S3git: Git for Cloud Storage (or Version Control For Data)

s3git: git for Cloud Storage (or Version Control for Data)

s3git applies the git philosophy to Cloud Storage. If you know git, you will know how to use s3git!

s3git is a simple CLI tool that allows you to create a distributed, decentralized and versioned repository. It scales limitlessly to 100s of millions of files and PBs of storage and stores your data safely in S3. Yet huge repos can be cloned on the SSD of your laptop for making local changes, committing and pushing back.

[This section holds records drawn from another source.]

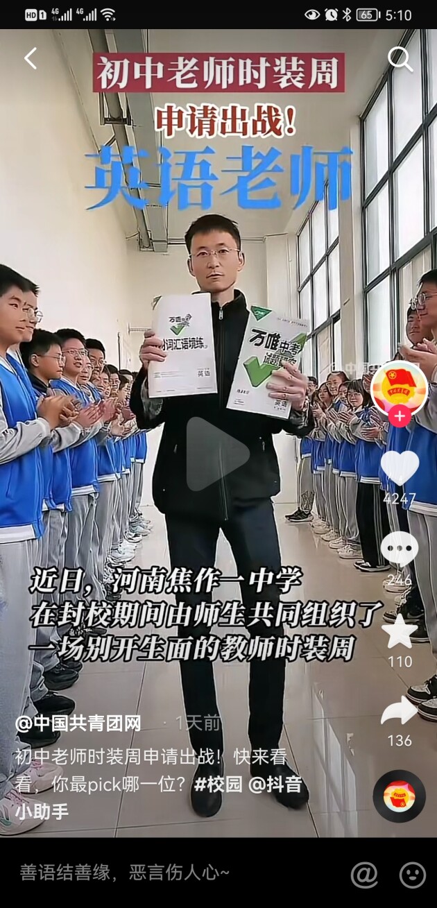 記者還注意到,“老師時(shí)裝秀”的相關(guān)視頻覆蓋面非常廣泛,在吉林、河北、河南、陜西、安徽、云南等多地校園均有出現(xiàn),其中一段河南焦作的“走秀”短視頻更是得到了中國(guó)共青團(tuán)網(wǎng)抖音賬號(hào)的轉(zhuǎn)發(fā)。據(jù)悉,該視頻來(lái)源于焦作的一所初中,語(yǔ)文、數(shù)學(xué)、英語(yǔ)、物理等各科老師幾乎都參與了“走秀”,學(xué)生們?cè)谝慌院炔使恼?#xff0c;每個(gè)人臉上都洋溢著歡樂(lè)的笑容。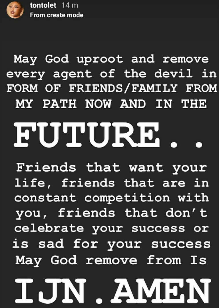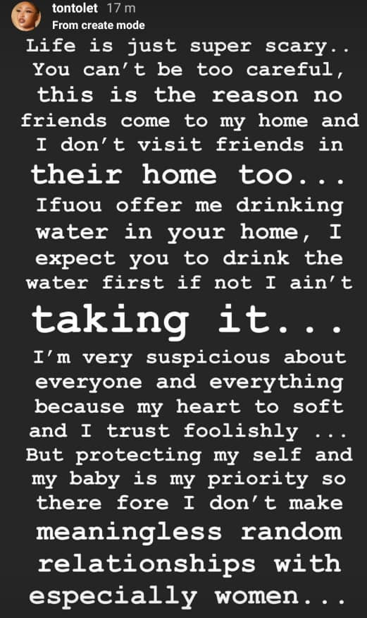 The mother-of-one took to her instastory to state that life has become so scary that she is suspicious of everyone around her and doesn’t make “meaningless random” relationships. She advised people to be careful of the friends they keep.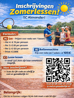 Dit kan, maar is te regelen met de lesgever zelf. Deze gaan in NA ons jaarlijks dubbeltornooi, eind juni 2026. Dus vanaf 1 juli 2026 zijn losse zomerlessen mogelijk.

Exactly like git, s3git does not require any server-side components, just download and run the executable. It imports the golang package s3git-go that can be used from other applications as well. Or see the Python module or Ruby gem.

Use cases for s3git

  • Build and Release Management (see example with all Kubernetes releases).
  • DevOps Scenarios
  • Data Consolidation
  • Analytics
  • Photo and Video storage

See use cases for a detailed description of these use cases.

Download binaries

DISCLAIMER: These are PRE-RELEASE binaries -- use at your own peril for now

OSX

Download s3git from https://github.com/s3git/s3git/releases/download/v0.9.2/s3git-darwin-amd64

$ mkdir s3git && cd s3git
$ wget -q -O s3git https://github.com/s3git/s3git/releases/download/v0.9.2/s3git-darwin-amd64
$ chmod +x s3git
$ export PATH=$PATH:${PWD}   # Add current dir where s3git has been downloaded to
$ s3git

Linux

Download s3git from https://github.com/s3git/s3git/releases/download/v0.9.2/s3git-linux-amd64

$ mkdir s3git && cd s3git
$ wget -q -O s3git https://github.com/s3git/s3git/releases/download/v0.9.2/s3git-linux-amd64
$ chmod +x s3git
$ export PATH=$PATH:${PWD}   # Add current dir where s3git has been downloaded to
$ s3git

Windows

Download s3git.exe from https://github.com/s3git/s3git/releases/download/v0.9.1/s3git.exe

C:\Users\Username\Downloads> s3git.exe

Building from source

Build instructions are as follows (see install golang for setting up a working golang environment):

$ go get -d github.com/s3git/s3git
$ cd $GOPATH/src/github.com/s3git/s3git 
$ go install
$ s3git

BLAKE2 Tree Hashing and Storage Format

Read here how s3git uses the BLAKE2 Tree hashing mode for both deduplicated and hydrated storage (and here for info for BLAKE2 at scale).

Example workflow

Here is a simple workflow to create a new repository and populate it with some data:

$ mkdir s3git-repo && cd s3git-repo
$ s3git init
Initialized empty s3git repository in ...
$ # Just stream in some text
$ echo "hello s3git" | s3git add
Added: 18e622875a89cede0d7019b2c8afecf8928c21eac18ec51e38a8e6b829b82c3ef306dec34227929fa77b1c7c329b3d4e50ed9e72dc4dc885be0932d3f28d7053
$ # Add some more files
$ s3git add "*.mp4"
$ # Commit and log
$ s3git commit -m "My first commit"
$ s3git log --pretty

Push to cloud storage

$ # Add remote back end and push to it
$ s3git remote add "primary" -r s3://s3git-playground -a "AKIAJYNT4FCBFWDQPERQ" -s "OVcWH7ZREUGhZJJAqMq4GVaKDKGW6XyKl80qYvkW"
$ s3git push
$ # Read back content
$ s3git cat 18e6
hello s3git

Note: Do not store any important info in the s3git-playground bucket. It will be auto-deleted within 24-hours.

Directory versioning

You can also use s3git for directory versioning. This allows you to 'capture' changes coherently all the way down from a directory and subsequently go back to previous versions of the full state of the directory (and not just any file). Think of it as a Time Machine for directories instead of individual files.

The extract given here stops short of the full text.